Он никому не хотел принадлежать: ни женщине, ни ребенку, ни вещи, ни идее… Только мне, мне одному, удалось добиться того, чего он так последовательно избегал, — завершенности. Правда, какой ценой? Стоило Сарычеву предложить мне свое имя, как из страдающего сироты я для него превратился в жеманного, лживого, подлого сына и оказался в одном ряду с предметами на раз: Верочкой, машиной, телевизором. Я стал чем-то вроде линзы от телевизора, которая торчала на тумбочке, пережив «Рембрандт», надоевший Сарычеву всего за месяц (что означало четыре передачи!) и лично вынесенный им на черную лестницу к лыжам, гирям и железным бидонам с побелкой…

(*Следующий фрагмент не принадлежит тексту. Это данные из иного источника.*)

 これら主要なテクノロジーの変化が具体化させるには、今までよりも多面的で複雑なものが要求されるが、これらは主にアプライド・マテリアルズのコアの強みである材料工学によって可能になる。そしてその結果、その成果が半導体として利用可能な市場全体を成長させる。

Линза пылилась, в неувеличивающем углу паук мумифицировал двух-трех жалких мух, которые могли бы сохраниться там до Судного дня, если бы возмущенный Тверской не чихнул генеральским, не прикрытым ладошкой, чихом: мух сдуло, линза стала в оспинку…

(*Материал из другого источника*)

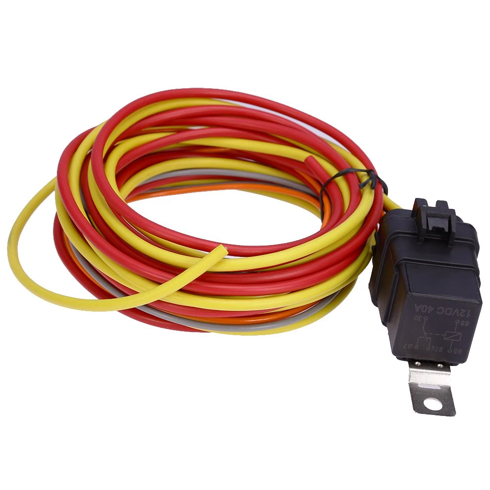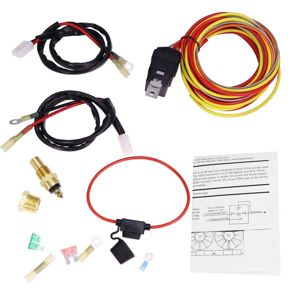Store New Arrivals Add to Favorite View Feedback Contact Dual Electric Cooling Fan Wire Harness Kit Electric Fan Wiring Kit 185 on 165 off Thermostat 50 AMP Relay New Description Item model number 7L5533A226T^3J8P Wattage 35 watts Country of Origin China Compatible Devices Transmission Coolers Package Dimensions 7.01 x 6.26 x 2.44 inches; 1.59 Pounds Voltage 12 Volts Cooling Method Air Is Discontinued By Manufacturer No Brand Hoypeyfiy Manufacturer QKPARTS Fitment: 2 x 8 inch Fans, 2 x 10 Inch Fans, 2 x 12 Inch Fans, 2 x 14 Inch Fans Single, 8 Inch Fan Single, 10 Inch Fan Single, 12 Inch Fan Single, 14 Inch Fan Single, 16 Inch Fan(Two 16 inch fans,need 2 Relay Kits) Control: Activates at 185 degrees and deactivates at 165 degrees Condition: Brand new and securely packaged Easy Installation: Directly replaces existing parts Package Included: 185 Degree Thermostat Switch, 1 Relay Wire Harness, 1 3/8" NPT Thread-In Probe, 2 Ring Terminals, 2 Fan Pigtail Connectors, 1 Fuse Holder, 3/8" to 1/2" Adapter 30 & 40 amp Fuses, English instruction Product Description Specifications Brand: QKPARTS Condition: 100% new Voltage: 12.0 volts Color: red and yellow Material:plastic copper aluminum Item Type: Electric Cooling Fan Wire Harness Kit Item Description Function This kit is set up to turn your electric fan on at 185 degrees and shut off at 165 degrees and will work with any 12 volt system. COMES ON at 185 degrees and turns off at 165 degrees. It is a 3/8" pipe thread, this kit includes everything you'll need to hook up to your fan. Works for 2 x 8 inch Fans 2 x 10 Inch Fans 2 x 12 Inch Fans 2 x 14 Inch Fans Single 8 Inch Fan Single 10 Inch Fan Single 12 Inch Fan Single 14 Inch Fan Single 16 Inch Fan (Two 16 inch fans, need 2 Relay Kits) Included in this Relay kit 185 Degree Thermostat Switch 1 Relay Wire Harness 1 3/8" NPT Thread-In Probe 2 Ring Terminals 2 Fan Pigtail Connectors Included 1 Fuse Holder 3/8" to 1/2" Adapter 30 & 40 amp Fuses ABOUT US We offer the best prices around on high quality products. Our E-store includes media such as books, movies, music and games while offering electronics, toys, sporting apparel, clothing, tools, general home, garden items and more. SHIPPING We are always working hard to ensure your package arrives as soon as possible. Please understand that some factors like weather, high postal traffic, and the performance of shipping companies are outside of our control. RETURNS We offer a 30-Day Return Policy on items which you are not completely satisfied with. You have the option for a full-refund or an exchange of the item. No returns are available on items shipped outside of the USA. PAYMENT We accept PayPal. CONTACT US This page content is yet to come Please ad us to your favorite seller and visit again later Thank You CUSTOMER SATISFACTION We try our very best to make sure every customer is completely satisfied. If there's a problem, message us! We're happy to help.

Смешно сказать, но нас, брошенных, словно что-то роднило (может быть неразделенная, после мига счастья, любовь к Дмитрию Борисовичу?). Презирая Верочку, я не мог без нее и раздражался, когда мой слух не ловил в отдаленном конце квартиры звука разбившейся чашки; плакать я уходил на черную лестницу и, оседлав там телевизор, выводил на маленьком пыльном экране, зернисто-глянцевом, как засвеченная фотобумага, новые для меня буквы: «И. С.»; а в редкие часы одиночества на даче меня влекло на кожаные сиденья машины…
…Машиной Сарычев воспользовался буквально один раз — поехал на юг, в горы, что по тем временам было смелым поступком; добрался почти до зоны снегов, а оттуда уже пешком — к вершинам… И все — один! Непонятно только, откуда же взялись фотографии, которые он многократно перепрятывал, однако не уничтожил…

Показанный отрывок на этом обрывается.